→ **WHAT THE EXERCISE ASKS**
In this exercise, the entries below include pictures. Repeat exactly the lines from the line with "Two hands reaching" to the line with "- Pikad juuksed", including both, but without the pictures.

→ **DATA SUPPLIED**
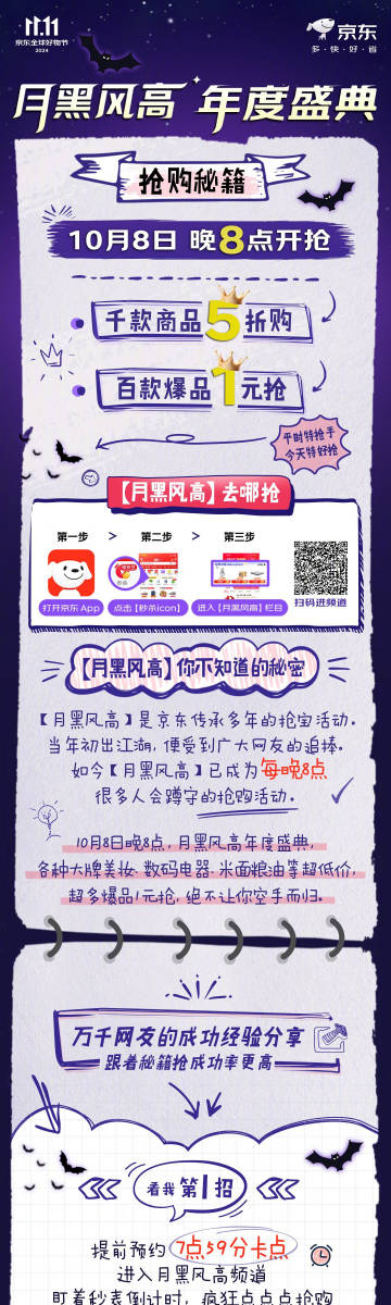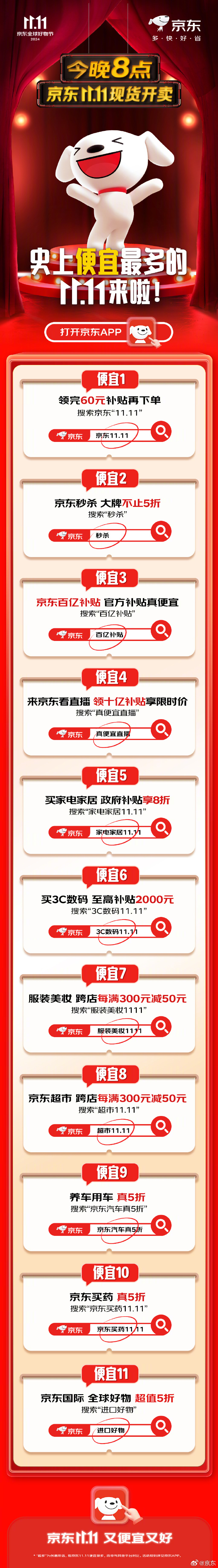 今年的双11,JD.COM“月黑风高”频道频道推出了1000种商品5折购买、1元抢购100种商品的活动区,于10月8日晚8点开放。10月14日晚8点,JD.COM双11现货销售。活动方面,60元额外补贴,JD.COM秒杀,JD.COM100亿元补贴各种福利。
...
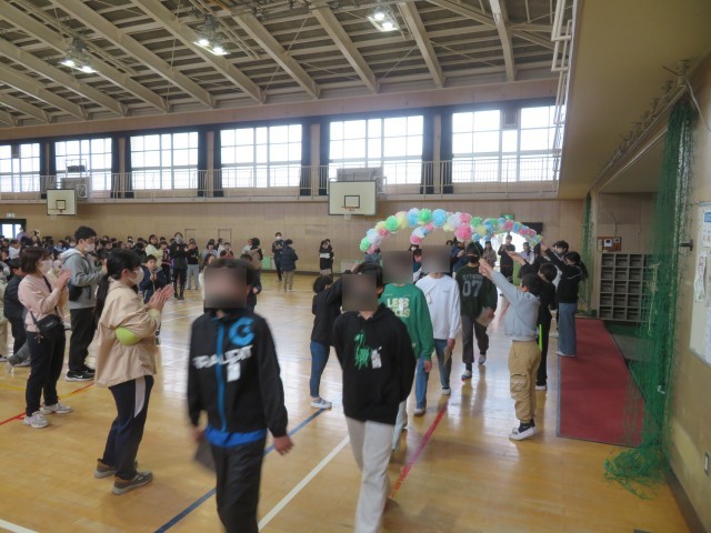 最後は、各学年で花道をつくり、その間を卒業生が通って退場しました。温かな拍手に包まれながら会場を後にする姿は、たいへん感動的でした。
* * *
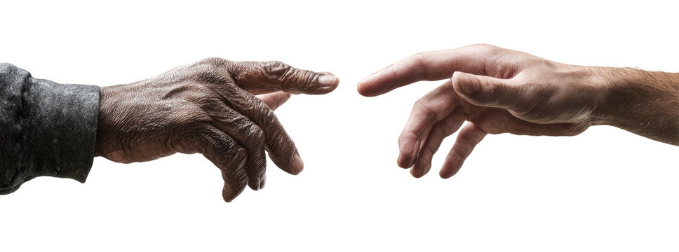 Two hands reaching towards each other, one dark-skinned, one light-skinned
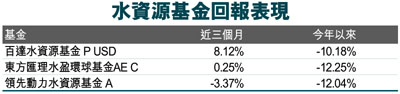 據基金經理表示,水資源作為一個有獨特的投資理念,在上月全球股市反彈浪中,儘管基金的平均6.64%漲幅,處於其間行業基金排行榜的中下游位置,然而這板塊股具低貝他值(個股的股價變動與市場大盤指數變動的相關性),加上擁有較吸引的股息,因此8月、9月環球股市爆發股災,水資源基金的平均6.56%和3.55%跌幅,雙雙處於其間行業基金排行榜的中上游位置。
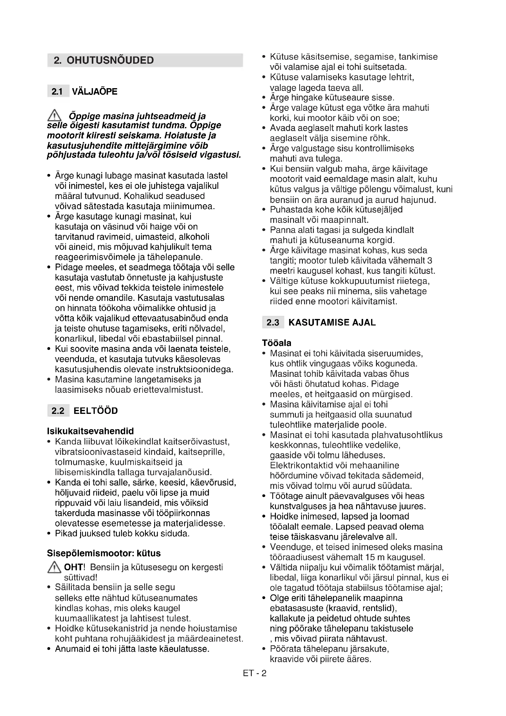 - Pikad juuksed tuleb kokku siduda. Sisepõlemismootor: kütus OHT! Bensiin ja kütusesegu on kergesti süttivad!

→ **SOLUTION FOR THIS TASK**
 Two hands reaching towards each other, one dark-skinned, one light-skinned
 據基金經理表示,水資源作為一個有獨特的投資理念,在上月全球股市反彈浪中,儘管基金的平均6.64%漲幅,處於其間行業基金排行榜的中下游位置,然而這板塊股具低貝他值(個股的股價變動與市場大盤指數變動的相關性),加上擁有較吸引的股息,因此8月、9月環球股市爆發股災,水資源基金的平均6.56%和3.55%跌幅,雙雙處於其間行業基金排行榜的中上游位置。
 - Pikad juuksed tuleb kokku siduda. Sisepõlemismootor: kütus OHT! Bensiin ja kütusesegu on kergesti süttivad!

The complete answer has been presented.